- Born: March 28, 1917 Pochinok, Russian Empire
- Died: 1971 (aged 53–54) Moscow, Russia
- Occupation: Photojournalism

= Izrail Ozersky =

Russian war photographer (1917–1971)

Izrail Abramovich Ozersky (Израиль Абрамович Озерский; March 28, 1904, Pochinkovsky, Smolensk Governorate – 1971) was a Russian war photographer working for RIA Novosti. His photograph The Work of a Soldier became a classic of Soviet war documentary photography.
==Biography==
Izrail Abramovich Ozersky was born on March 28, 1904 in Pochinkovsky, Smolensk Oblast. He first worked as a welder.

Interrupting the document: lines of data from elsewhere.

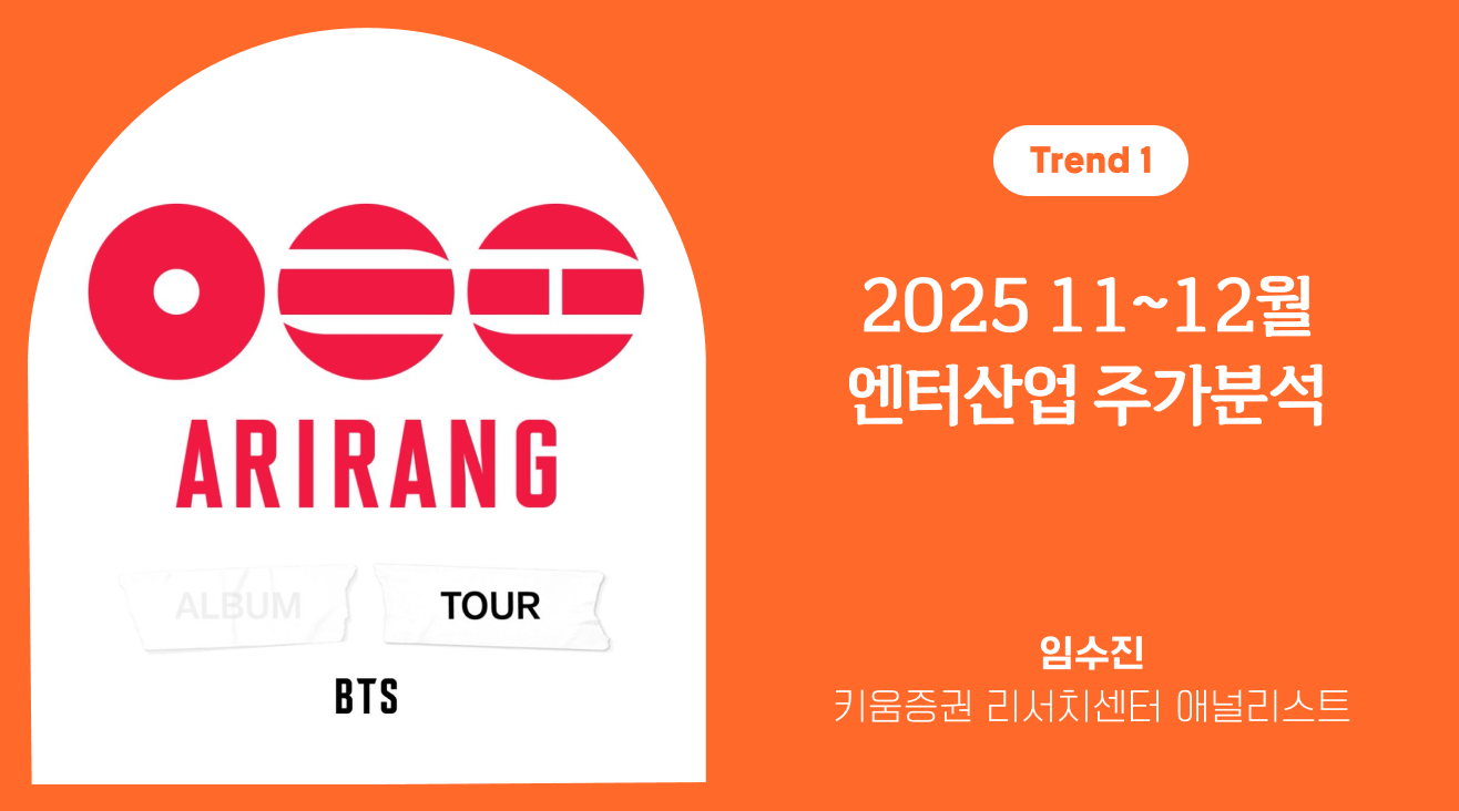 2025년 11~12월 엔터 업종은 전체 주가지수 반등 국면에서 업종 전체가 함께 움직이기보다는, 개별 이슈에 따라 주가 흐름이 갈리는 모습이 이어졌다. 11월에는 3분기 실적 발표 이후 기대치가 낮아지며 주가 조정이 나타났고, 12월에는 대형 아티스트 관련 뉴스와 정책 기대가 다시 반등의 계기로 작용했다. 이 기간 동안 시장은 단기 실적보다 향후 산업 환경이 어떻게 바뀔지를 더 중요하게 보기 시작했다. 이러한 흐름 속에서 가장 큰 영향을 준 변수는 방탄소년단의 컴백 가시화였다. 방탄소년단 복귀는 단순한 음반 발매나 투어 재개를 넘어 MD 판매, 플랫폼 이용 증가, 콘텐츠와 광고 매출까지 함께 움직일 수 있는 요소이며, 일정과 투어 규모가 구체화될수록 추가적인 상향 가능성도 남아 있다.
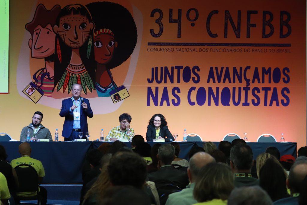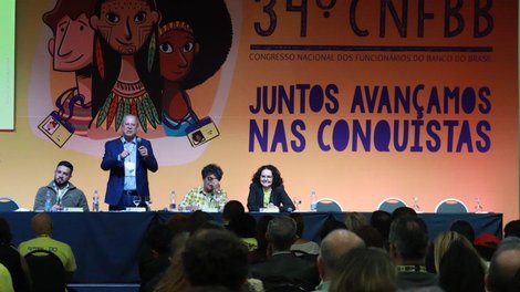 Depois da aprovação do regimento interno, teve início os trabalhos do 34º Congresso Nacional dos Funcionários do Banco do Brasil, na manhã desta quarta-feira (5). A mesa inicial, intitulada “Os desafios da sociedade e dos trabalhadores”, contou com a participação de José Dirceu, ex-ministro-chefe da Casa Civil no primeiro Governo Lula, e Juvandia Moreira, presidenta da Confederação Nacional dos Trabalhadores do Ramo Financeiro (Contraf-CUT) e também coordenadora do Comando Nacional dos Bancários.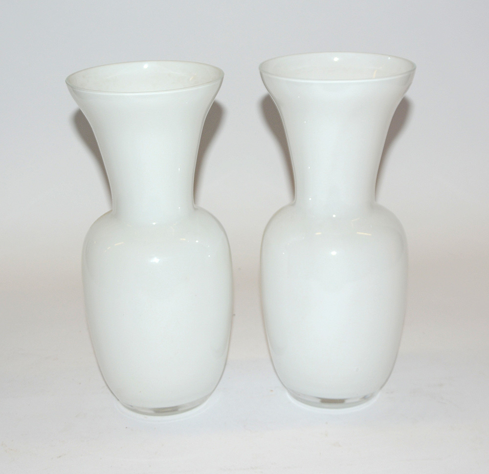 Lotto composto da due vasi a balaustro in vetro opacizzato bianco (h cm 30)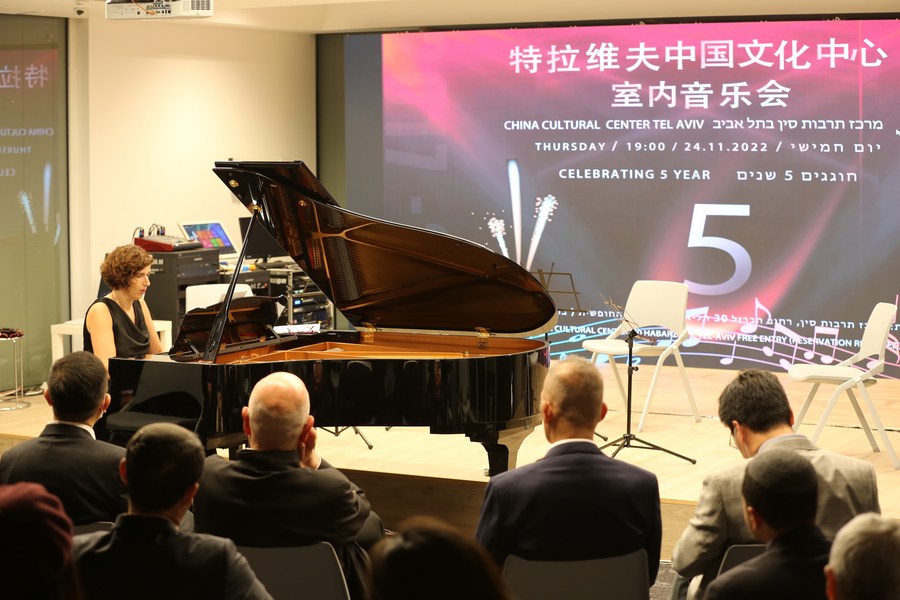 Israeli pianist Einat Fabrikant performs at a concert marking the fifth founding anniversary of the China Cultural Center in Tel Aviv, Israel, on Nov. 24, 2022. (Xinhua/Wang Zhuolun)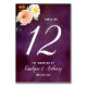This collection features a moody eggplant purple background with trendy typography and floral accents. Easily personalise the design with your wording to make these table number cards totally unique to your special day.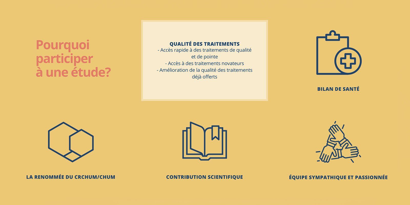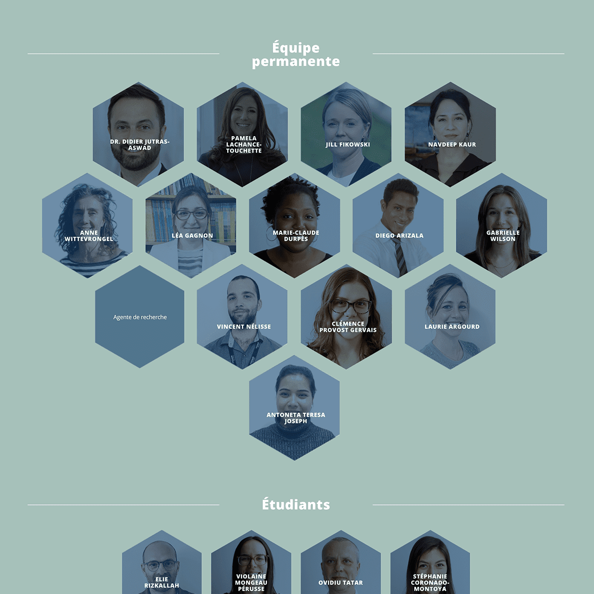 Le design reprend à plusieurs endroits la forme de l’hexagone que l’on retrouve dans le logo du CHUM. Un lien visuel est ainsi fait entre les deux entités. La palette de couleurs choisies a aussi pour objectif de créer un rappel avec les couleurs corporatives du CHUM. Afin d’obtenir un look plus humain et moins scientifique, nous avons jumelé au bleu foncé et au vert des couleurs plus chaudes et douces telles que du jaune, du rose pâle et du corail. Ce site Web bilingue est maintenu à jour par l’équipe du laboratoire qui peut entre autre mettre à jour les études et publier des nouvelles.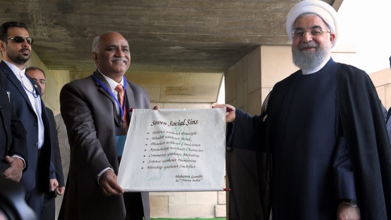 Presidenti i Iranit, i cili e filloi vizitën e tij në Indi me ftesë të kryeministrit indian, Narendra Modi, ai fillimisht u ndal në qytetin jugor Hyderabad të enjten, kurse të premten arriti në kryeqytetin e Indisë, Nju Delhi. Ai po drejton një delegacion politik dhe ekonomik, përfshirë ministrin e jashtëm të RII z. Mohamed Xhevad Zarif dhe një numër përfaqësuesish nga sektori privat iranian. Kryeministri Modi dhe presidenti indian Ram Nath Kovind zyrtarisht u takuan me Presidentin iranian Hasan Ruhani të shtunën gjatë një ceremonie ku u shfaqën armë festive zjarri në Rashtrapati Bhavan, pallati presidencial i Indisë në kryeqytetin e këtij vendi. Ruhani dhe Modi dhe delegacionet të dy vendeve do të mbajnë bisedime në "Hyderabad House" në Nju Delhi më vonë gjatë ditës. Ndërsa ishte në qytetin Hyderabad, presidenti iranian u takua me një grup elitash, klerikësh fetarë dhe liderë të bashkësisë muslimane atje. Më pas, ai u bashkua me lutjet e së premtes në xhaminë "Meka" të Hyderabadit. Tregtia jo-naftore mes Iranit dhe Indisë arriti në 4.74 miliardë dollarë në 12 muajt e fundit, duke u rritur me 4.17% krahasuar me të njëjtën periudhë të një viti më parë. Irani është furnizuesi i tretë i naftës i Indisë. India importoi 12.5 milion ton naftë të papërpunuar nga Republika Islamike në periudhën prej prillit 2017 deri në tetor 2018. India, Irani dhe Afganistani kanë nënshkruar një marrëveshje për të dhënë mallra indianë që shkojnë drejt Azisë Qendrore dhe Afganistanit si trajtim preferencial dhe ulje të tarifave në qytetin portual Chabahar në Iranin jugor. Qeveria indiane ka alokuar 500 milionë dollarë për zhvillimin e portit Chabahar, me qëllim që të bashkohet me një korridor transporti gjithnjë e më të rëndësishëm në vendet rajonale të pasura me burime. Modi vizitoi Iranin në maj të vitit 2016, që ishte vizita e parë në 15 vitet e fundit e një lideri që drejton një post të tillë. Marrëdhëniet ndërmjet Iranit dhe Indisë dhe në thelb me nënkontinentin indian janë shumë të veçanta, ka thënë presidenti iranian z. Hasan Ruhani gjatë një takimi me shtetasit dhe me studentët iranianë që banojnë në Hyderabad.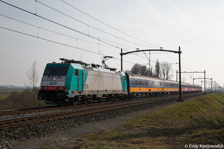 NMBS 2835 / E 186 227 IC 1225 (Den Haag HS-Brussel Zuid) Willemsdorp, 04-06-2013. © Eddy Konijnendijk. |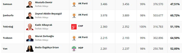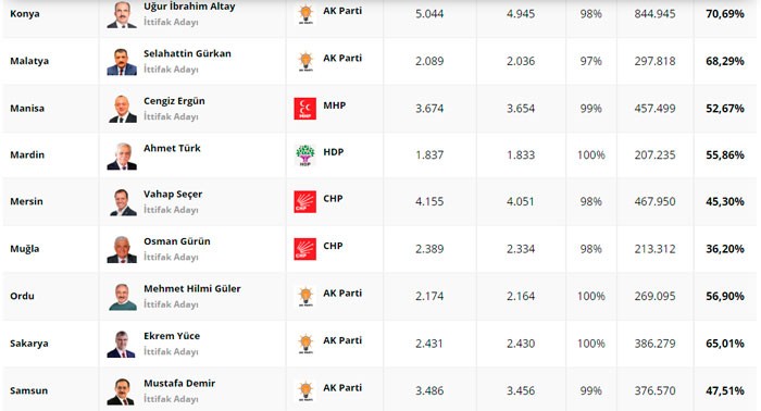Həmçinin səslərin 51.67%-ni "Cumhur" ittifaqı (AK PARTİ, MHP), 37.53%-ni "Millet" ittifaqı (CHP, İYİ PARTİ) toplayıb.

He then learned the craft of photography and in the 1930s began working at the Soyuzfoto agency. During the Great Patriotic War, he was a correspondent for the TASS photo chronicle. He took documentary photographs on the North Caucasian, Crimean, Northwestern and Ukrainian fronts. His photograph Soldier's Work became a classic of Soviet war documentary photography. In the post-war period, he worked as a photojournalist at Exhibition of Achievements of National Economy, at the Novosti news agency.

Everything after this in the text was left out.